Puisqu’il faut énormément d’énergie pour réchauffer de l’eau, cela signifie qu’un grand volume d’eau se réchauffe très lentement, et qu’à une température donnée (même froide) ce même volume d’eau représente un énorme réservoir d’énergie. De la même manière, un grand volume d’eau se refroidira très lentement, fournissant à l’environnement 1 calorie par gramme d’eau refroidi de 1 °C. C’est pour cette raison que les océans ou les grands lacs ont une grande inertie thermique, et que les climats voisins de ces régions sont généralement très tempérés : il se réchauffent lentement en été et se refroidissent lentement en hiver.

L’eau, comme de nombreux autres corps, peut changer d’état (on parle aussi de « phase ») : elle peut être solide, liquide ou gazeuse. L’énergie nécessaire pour passer d’un état à un autre est appelée chaleur latente ; elle est dite « latente » car ce transfert d’énergie ne s’accompagne pas d’un changement de température.
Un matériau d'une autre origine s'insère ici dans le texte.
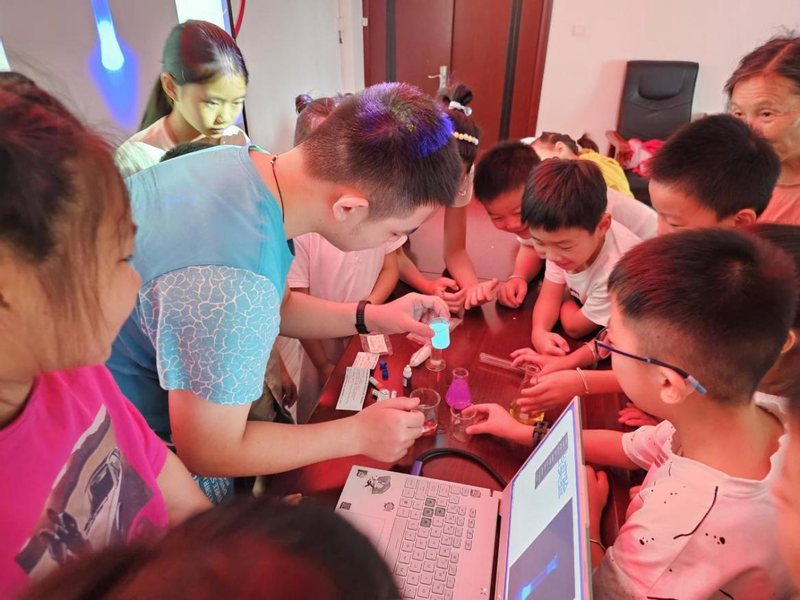为推动“普惠乡村”事业发展,衔动乡村科教文化需求。8月中旬,tyc122ccvip“启智未来队”赴黄山市阳湖镇稽灵山社区开展“科学漫步”暑期“三下乡”公益科普社会实践活动。实践团队由tyc122ccvip应用化学(拔尖)专业学子组建。团队成员运用所学专业知识特长,通过趣味科普活动,破解日常科学迷思,启蒙在地童萌科创意识,以“实践”之笔,充分展现青年学子的责任与担当。8月12日,项目指导教师马晨对活动开展做调研指导。

Mettons par exemple un glaçon dans un verre de limonade. L’énergie transférée sous forme de chaleur de la limonade à la glace ne servira pas à réchauffer la glace, mais à briser son réseau cristallin pour en faire de l’eau liquide. Le glaçon ne se réchauffera donc pas, mais changera de phase (il faut 80 calories pour fondre 1 g de glace). La limonade en revanche, perdant beaucoup d’énergie dans la manœuvre, verra sa température s’abaisser notablement, ce qui est tout de même le but recherché. Il ne faut pas perdre de vue cependant que l’eau issue du glaçon, d’une température d’à peine quelques degrés, a néanmoins emmagasiné toute l’énergie fournie par la limonade ; cette énergie est présente en elle sous forme de chaleur latente dite de fusion.

De la même manière, pour faire passer l’eau de la phase liquide à la phase gazeuse (pour l’évaporer), il faut lui fournir une immense quantité d’énergie appelée chaleur latente d’évaporation (au niveau de la mer, environ 600 calories pour 1 g d’eau ! ). Cette énergie peut lui être fournie par la plaque de votre cuisinière si vous êtes aux fourneaux, par votre peau si vous sortez de la douche, par le rayonnement solaire sur un plan d’eau, ou par l’air environnant dans le cas de précipitations s’évaporant. Inversement, lorsque l’eau se condense, la même quantité d’énergie est libérée dans l’atmosphère, soit 600 calories par gramme d’eau.

Chaleur latente et climats

Dans 1 litre d’eau produit par la condensation dans un nuage, plus de 120'000 calories sont libérées. Il est difficile d’imaginer l’énergie produite par un ouragan en un jour ; selon Météo-France, elle correspond à la moitié de la production mondiale d’électricité.

De même, les perturbations et les milliards de mètres cubes d’eau qu’elles déversent entre les pôles et les tropiques ne sont rien d’autre qu’un transfert de chaleur des régions les plus chaudes vers les régions les plus froides. Sans ce transfert et cette répartition de chaleur, une toute petite partie seulement de notre planète serait habitable, coincée entre des latitudes trop chaudes et des latitudes trop froides. Lors de son transfert, l’énergie est stockée sous forme de chaleur latente dans la vapeur d’eau véhiculée par les courants d’altitude.

Il ne faut donc pas s’y tromper, paradoxalement c’est la pluie et la neige qui fournissent aux zones tempérées dans leur globalité la chaleur nécessaire à la vie. Le refroidissement que nous ressentons fréquemment lorsqu’il pleut est dû pour sa part au changement de masse d’air, à l’évaporation d’une partie des précipitations ou encore à la survenue dans les basses couches de l’atmosphère d’air originaire de haute altitude, sans oublier le vent qui accentue la sensation de froid.

Ici donc, comme dans bien des domaines, nos sens nous jouent des tours, et c’est tout le mérite de la science de ne pas s’arrêter aux apparentes évidences.